→ Work item
Copy each line below exactly and leave the pictures out.

→ Supplied data
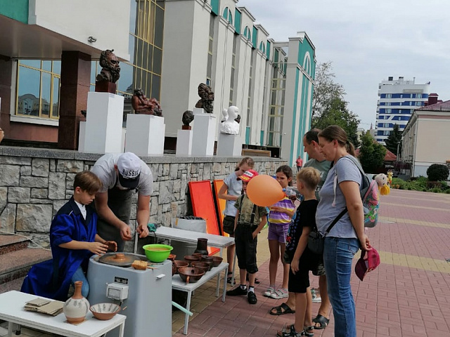 Особое восхищение маленьких зрителей вызвал мастер-класс «Гончарное искусство» старшего преподавателя кафедры художественного и музыкального образования Александра Русяева. От желающих скрутить изделие на гончарном круге не было отбоя.
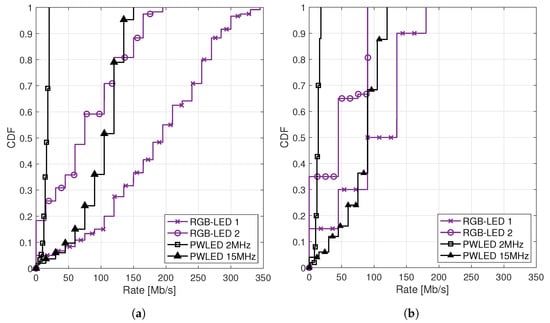 Figure 7 compares the performance of the pseudoinverse precoder (see Section 4.1 and Section 5.1) and the precoder that maximizes the weighted sum-rate, i.e., optimal precoder (see Section 4.2 and Section 5.2). To facilitate the comparison, the weights are set to 1. Figure 7 that shows the Cumulative Distribution Function (CDF) of the rates illustrates again that even if we increase the PWLED BW from to the RGB-LEDs’ BW, i.e., , the PWLED system presents poorer results in terms of rate. This behavior is observed for both the pseudoinverse precoder and the optimum precoder. On the other hand, the optimal precoder outperforms the pseudoinverse significantly. For instance, when considering the RGB-LEDs 1 as transmitters, the worst users achieve nearly with the optimal precoder, while when taking the pseudoinverse they only achieve .
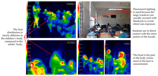 In the case of projects 3 and 4, the measurements also showed a lack of compliance with the standards; however, in the surveys, the satisfaction levels were significantly higher compared to projects 1 and 2. It was found that the occupants surveyed in the housing projects (mainly adults) tended to perceive the environment as being much colder than the occupants surveyed in the school projects (mainly children). The observations recorded in the logbooks, the analysis of the audio-visual material, and the discussions in the focus groups were crucial to understanding comfort levels in projects 3 and 4. For example, the thermographic photographs helped to visualise differences between heat distribution in the adults’ bodies compared to the children’s bodies (Figure 10). The face is the part with the highest concentration of thermoreceptors in the human body [44]; therefore, the measurements were taken at average face height for children in standing and seated conditions, and not at the height recommended by the standards (based on adults). Additional measurements were made at other heights and locations to study stratification, asymmetries, and drafts within the space.
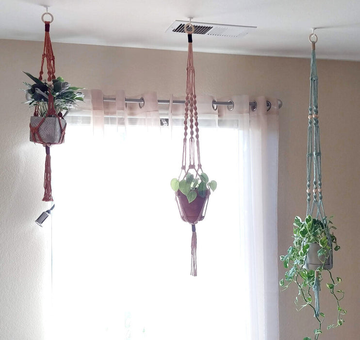 The Pickett plant hanger is here to both maximize your vertical space and give your beloved plants the light that they need! Handmade with love, each hanger features intricately coin and spiral knots with high-quality 4mm single strand cords made of 100% cotton recycled from the garment industry. The design is complimented by a natural wooden ring and beads made of birch and maple. Pickett is available in different sizes to fit your window space. If you'd like to commission a custom color, check out the "Made to Order" listing! If you're looking to hang 2 plants with one hanger to really maximize your space, check out the "Double Pickett"!
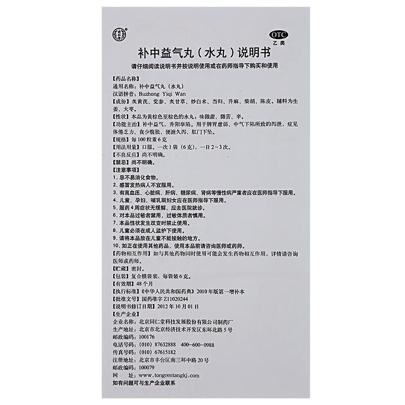 Tongrentang Bu Zhong Yi Qi Wan Tongrentang Buzhongyiqiwan 1Box同仁堂补中益气丸 1盒
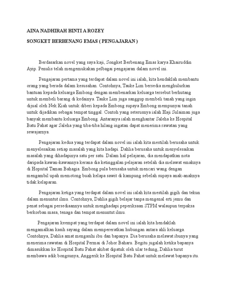 Doc Novel Songket Berbenang Emas Khairuddinayip Warrance St Academia Edu
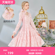 浪漫辛德瑞拉公主风连衣裙 层叠重工长袖法式田园风蓝粉色木耳边
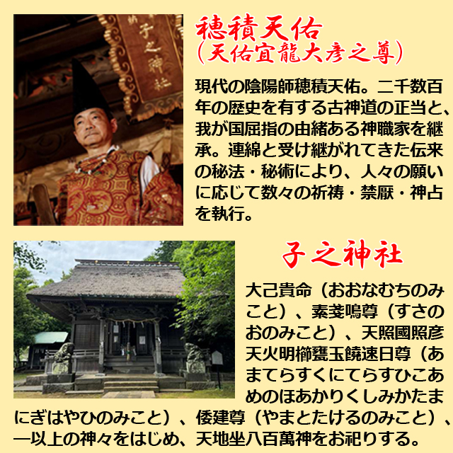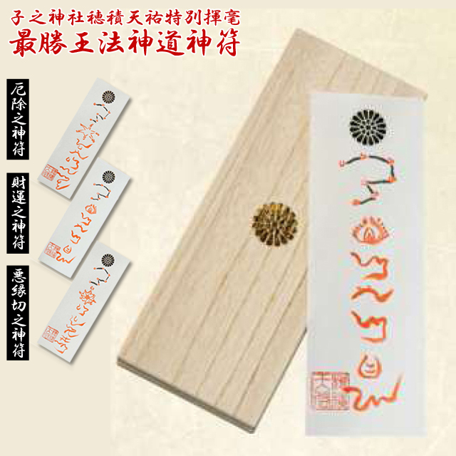 『最勝王法神道神符』は、大和建国の祖神・櫛甕玉饒速日尊の直系、また後醍醐天皇の王孫、南帝・小倉宮良泰親王(第100代招慶院天皇)の正統な皇胤であり、陰陽道の祖である役行者(えんのぎょうじゃ)より陰陽の秘法、安倍晴明の末裔の土御門家より天社陰陽道を授けられた穂積家の嫡流として、二つの陰陽道の法脈を受け継ぐ唯一の陰陽師である子之神社宮司穂積天祐(神道芳名:天佑宜龍大彦之尊)が神世文字で揮毫された神符でです。
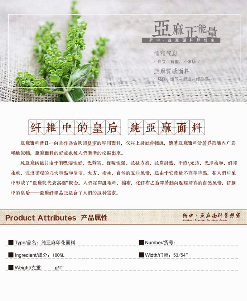 所屬分類 面料,麻面料

→ Answer to the exercise
 Особое восхищение маленьких зрителей вызвал мастер-класс «Гончарное искусство» старшего преподавателя кафедры художественного и музыкального образования Александра Русяева. От желающих скрутить изделие на гончарном круге не было отбоя.
 Figure 7 compares the performance of the pseudoinverse precoder (see Section 4.1 and Section 5.1) and the precoder that maximizes the weighted sum-rate, i.e., optimal precoder (see Section 4.2 and Section 5.2). To facilitate the comparison, the weights are set to 1. Figure 7 that shows the Cumulative Distribution Function (CDF) of the rates illustrates again that even if we increase the PWLED BW from to the RGB-LEDs’ BW, i.e., , the PWLED system presents poorer results in terms of rate. This behavior is observed for both the pseudoinverse precoder and the optimum precoder. On the other hand, the optimal precoder outperforms the pseudoinverse significantly. For instance, when considering the RGB-LEDs 1 as transmitters, the worst users achieve nearly with the optimal precoder, while when taking the pseudoinverse they only achieve .
 In the case of projects 3 and 4, the measurements also showed a lack of compliance with the standards; however, in the surveys, the satisfaction levels were significantly higher compared to projects 1 and 2. It was found that the occupants surveyed in the housing projects (mainly adults) tended to perceive the environment as being much colder than the occupants surveyed in the school projects (mainly children). The observations recorded in the logbooks, the analysis of the audio-visual material, and the discussions in the focus groups were crucial to understanding comfort levels in projects 3 and 4. For example, the thermographic photographs helped to visualise differences between heat distribution in the adults’ bodies compared to the children’s bodies (Figure 10). The face is the part with the highest concentration of thermoreceptors in the human body [44]; therefore, the measurements were taken at average face height for children in standing and seated conditions, and not at the height recommended by the standards (based on adults). Additional measurements were made at other heights and locations to study stratification, asymmetries, and drafts within the space.
 The Pickett plant hanger is here to both maximize your vertical space and give your beloved plants the light that they need! Handmade with love, each hanger features intricately coin and spiral knots with high-quality 4mm single strand cords made of 100% cotton recycled from the garment industry. The design is complimented by a natural wooden ring and beads made of birch and maple. Pickett is available in different sizes to fit your window space. If you'd like to commission a custom color, check out the "Made to Order" listing! If you're looking to hang 2 plants with one hanger to really maximize your space, check out the "Double Pickett"!
 Tongrentang Bu Zhong Yi Qi Wan Tongrentang Buzhongyiqiwan 1Box同仁堂补中益气丸 1盒
 Doc Novel Songket Berbenang Emas Khairuddinayip Warrance St Academia Edu
 浪漫辛德瑞拉公主风连衣裙 层叠重工长袖法式田园风蓝粉色木耳边
 『最勝王法神道神符』は、大和建国の祖神・櫛甕玉饒速日尊の直系、また後醍醐天皇の王孫、南帝・小倉宮良泰親王(第100代招慶院天皇)の正統な皇胤であり、陰陽道の祖である役行者(えんのぎょうじゃ)より陰陽の秘法、安倍晴明の末裔の土御門家より天社陰陽道を授けられた穂積家の嫡流として、二つの陰陽道の法脈を受け継ぐ唯一の陰陽師である子之神社宮司穂積天祐(神道芳名:天佑宜龍大彦之尊)が神世文字で揮毫された神符でです。
 所屬分類 面料,麻面料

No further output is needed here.